On the other hand, deferred initialization is a nice-to-have feature because it allows an engineer to focus on solving the actual problem without the need to worry if the input feature dimensions have changed.

At the time of publishing this blog post, the PyTorch framework will probably turn 5 – and despite the ubiquitous problems that the Python language bears, it has been fun to use.
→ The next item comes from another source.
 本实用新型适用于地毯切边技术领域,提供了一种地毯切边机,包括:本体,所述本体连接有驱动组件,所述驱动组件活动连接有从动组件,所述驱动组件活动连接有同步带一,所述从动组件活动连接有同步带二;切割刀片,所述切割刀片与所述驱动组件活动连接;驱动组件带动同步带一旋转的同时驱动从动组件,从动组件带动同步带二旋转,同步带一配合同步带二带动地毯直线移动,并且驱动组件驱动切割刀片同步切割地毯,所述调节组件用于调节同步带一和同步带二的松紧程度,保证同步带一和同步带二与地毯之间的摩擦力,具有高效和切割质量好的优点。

We have also noticed that our skin is more radiant, our wrinkles have been reduced by 95%, our hair is shiny and full of life :).

#### References

[1] K. He, X. Zhang, S. Ren, and J. Sun, “Deep residual learning for image recognition,” CoRR, vol. abs/1512.03385, 2015.
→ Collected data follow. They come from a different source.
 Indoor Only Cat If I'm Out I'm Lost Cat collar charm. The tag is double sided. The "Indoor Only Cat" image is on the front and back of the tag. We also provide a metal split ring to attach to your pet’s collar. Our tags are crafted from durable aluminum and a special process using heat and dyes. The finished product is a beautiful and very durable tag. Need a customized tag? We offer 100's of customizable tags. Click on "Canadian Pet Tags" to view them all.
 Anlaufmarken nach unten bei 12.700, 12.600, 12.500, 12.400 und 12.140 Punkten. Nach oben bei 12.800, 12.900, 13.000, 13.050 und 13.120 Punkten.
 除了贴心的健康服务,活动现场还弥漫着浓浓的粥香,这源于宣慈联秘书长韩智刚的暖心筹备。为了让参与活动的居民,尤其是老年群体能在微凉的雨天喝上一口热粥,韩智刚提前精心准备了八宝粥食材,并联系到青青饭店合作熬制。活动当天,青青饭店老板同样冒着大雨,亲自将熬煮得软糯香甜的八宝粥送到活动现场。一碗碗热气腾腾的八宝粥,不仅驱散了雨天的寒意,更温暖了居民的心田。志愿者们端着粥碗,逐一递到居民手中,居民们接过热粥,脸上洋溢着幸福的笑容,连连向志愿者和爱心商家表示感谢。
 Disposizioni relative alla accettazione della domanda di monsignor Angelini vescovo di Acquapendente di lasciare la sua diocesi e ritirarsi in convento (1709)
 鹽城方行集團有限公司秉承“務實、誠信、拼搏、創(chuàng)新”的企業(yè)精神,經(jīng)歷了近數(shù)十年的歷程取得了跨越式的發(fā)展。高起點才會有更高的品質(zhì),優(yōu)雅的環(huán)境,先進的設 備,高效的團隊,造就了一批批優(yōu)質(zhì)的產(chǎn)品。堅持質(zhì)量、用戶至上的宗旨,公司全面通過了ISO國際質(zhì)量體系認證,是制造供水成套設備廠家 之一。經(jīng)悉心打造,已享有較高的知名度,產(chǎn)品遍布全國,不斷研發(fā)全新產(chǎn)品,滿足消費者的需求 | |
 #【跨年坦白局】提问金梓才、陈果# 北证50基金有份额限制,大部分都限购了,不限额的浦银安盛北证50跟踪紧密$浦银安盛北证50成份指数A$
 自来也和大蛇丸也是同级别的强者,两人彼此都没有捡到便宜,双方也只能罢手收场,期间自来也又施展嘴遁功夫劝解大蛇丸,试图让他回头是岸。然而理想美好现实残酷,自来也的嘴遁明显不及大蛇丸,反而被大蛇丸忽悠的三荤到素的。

[2] A. Kolesnikov, L. Beyer, X. Zhai, J. Puigcerver, J. Yung, S. Gelly, and N. Houlsby, “Big transfer (BiT): General visual representation learning,” in Computer vision – ECCV 2020 – 16th european conference, glasgow, UK, august 23-28, 2020, proceedings, part V, 2020, vol. 12350, pp. 491–507.

[3] Z. Liu, Y. Lin, Y. Cao, H. Hu, Y. Wei, Z. Zhang, S. Lin, and B. Guo, “Swin transformer: Hierarchical vision transformer using shifted windows,” CoRR, vol. abs/2103.14030, 2021.

[4] H. Touvron, M. Cord, M. Douze, F. Massa, A. Sablayrolles, and H. Jégou, “Training data-efficient image transformers & distillation through attention,” in Proceedings of the 38th international conference on machine learning, ICML 2021, 18-24 july 2021, virtual event, 2021, vol. 139, pp. 10347–10357.

[5] R. Wightman, H. Touvron, and H. Jégou, “ResNet strikes back: An improved training procedure in timm,” CoRR, vol. abs/2110.00476, 2021.

[6] T. S. Cohen, M. Geiger, J. Köhler, and M. Welling, “Spherical CNNs,” in 6th international conference on learning representations, ICLR 2018, vancouver, BC, canada, april 30 – may 3, 2018, conference track proceedings, 2018.

[7] C. Esteves, C. Allen-Blanchette, A. Makadia, and K. Daniilidis, “Learning SO(3) equivariant representations with spherical CNNs,” in Computer vision – ECCV 2018 – 15th european conference, munich, germany, september 8-14, 2018, proceedings, part XIII, 2018, vol. 11217, pp. 54–70.

[8] M. Geiger, T. Smidt, A. M., B. K. Miller, W. Boomsma, B. Dice, K. Lapchevskyi, M. Weiler, M. Tyszkiewicz, S. Batzner, M. Uhrin, J. Frellsen, N. Jung, S. Sanborn, J. Rackers, and M. Bailey, Euclidean neural networks: e3nn. Zenodo, 2020.

[9] J. Lin, Z. Wei, Z. Li, S. Xu, K. Jia, and Y. Li, “DualPoseNet: Category-level 6D object pose and size estimation using dual pose network with refined learning of pose consistency,” CoRR, vol. abs/2103.06526, 2021.

[10] C. Deng, O. Litany, Y. Duan, A. Poulenard, A. Tagliasacchi, and L. J. Guibas, “Vector neurons: A general framework for SO(3)-equivariant networks,” CoRR, vol. abs/2104.12229, 2021.